「かあさんが夜なべをして 手袋あんでくれた♪」
という歌を聞いたことがあるだろう。
童謡の中でも有名な曲であるが、その続きを知らなかったので
ふと気になり調べてみると、以下にこのような歌詞が続くのである。
「かあさんが 夜なべをして 手袋あんでくれた
木枯らし吹いちゃ 冷たかろうて せっせとあんだだよ
ふるさとの 便りはとどく いろりのにおいがした
かあさんが 麻糸つむぐ 一日つむぐ
おとうは土間で わら打ち仕事 お前もがんばれよと
ふるさとの冬は さみしい せめてラジオ 聞かせたい
かあさんの あかぎれ痛い 生みそをすりこむ
根雪もとけりゃ もうすぐ春だで 畑が待っているよ
小川のせせらぎが 聞こえる
なつかしさが しみとおる
なつかしさが しみとおる」(歌:童謡・唱歌 作詞:窪田聡)
このようになっているのです。全部覚えていたでしょうか?
最初は聞いたことがありましたが、最後まで聞いたことがないように思います。
歌詞の情景を思い描いてみますと、時代が大きく異るかと思います。
しかし、時代は違えど、この歌詞の主人公は親の思いを我が心にかけて
歌われているのだ分かります。
この歌詞には、「木枯らし吹いちゃ 冷たかろう」、「お前もがんばれよ」
と、親が子どもに語りかける言葉が入っています。
これらの言葉は単に「親からこのように言われました」というように
表面的に書かれているのではなく、親が「子を思う心」を受けた主人公が
この短い言葉の中に親の愛情いっぱいを受け取って味わっている
ように思います。
子どもは自ら大きくなったのではない、
一人で大人になって都会に行ったのではない、
大人になって自立していると思っていたが、都会で頑張る自分を
いつまでも思う親心を受けた(気づいた)慈愛の歌のようであります。
親のお育てがあればこそ今があり、
親を思うこころに育ててくれたのは、親が自分を思っていてくれればこそでありました。
先手の親(の愛情)があればこそ、今の人生があったのです。
さらに、今の今まで、自分の事を忘れずに思っていてくれていると気づく
親の偉大さが手紙の中に、言葉と愛情と故郷の匂いを感じたことでしょう。
阿弥陀如来さまを親様と喩えられます。
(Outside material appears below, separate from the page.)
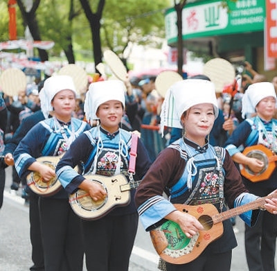 貴州惠水巡游踩街上演布依八音彈唱。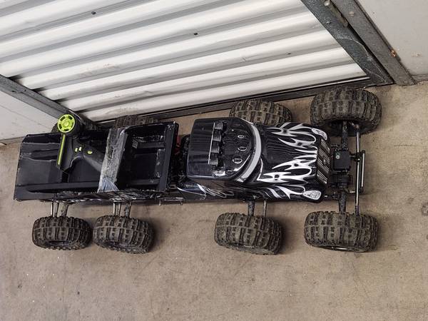 No box, Comes as is, with Flysky Radio, Electronics, all 4 motors, upgraded to all wheel steering, Flysky 10 channel radio can use up to 10 RC vehicles, you will need batteries, one tire linkage needs replaced, keeps comming off, part # wheel axles MAD-MT2071 on there website ( nitrorcx.com/mad-mt2071.html ) if I fix price will be 400.

それは、自らの人生をどのように生きようとも
けっして忘れず見捨てないからこそ親様だと言われるのです。
感謝もしない、いつも忘れている、見返りなども期待できない私に向って、
この命終える時に必ず仏とすると誓ってくださった、私が仏にならないならば
自らも仏とはならん、
「子どもが救われないのならば親とはならん」とお誓い下さったのが親様・阿弥陀如来様であります。
南無阿弥陀仏のお念仏は、私が仏に向かって「助けてくれよ、振り向いてくれよ」と言っているのではありません。
私が気づかぬ昔から、私に向ってはたらきくださればそこ、私の口からお念仏となって「南無阿弥陀仏」と
出ているのです。
私の事を必ず救うと誓われた先手の阿弥陀如来様でありました。
私は、ただただお任せするしか道はなし。この人生をどのように終えようとも、死に様・あり方は問わない
御慈悲いっぱいの仏さまなのです。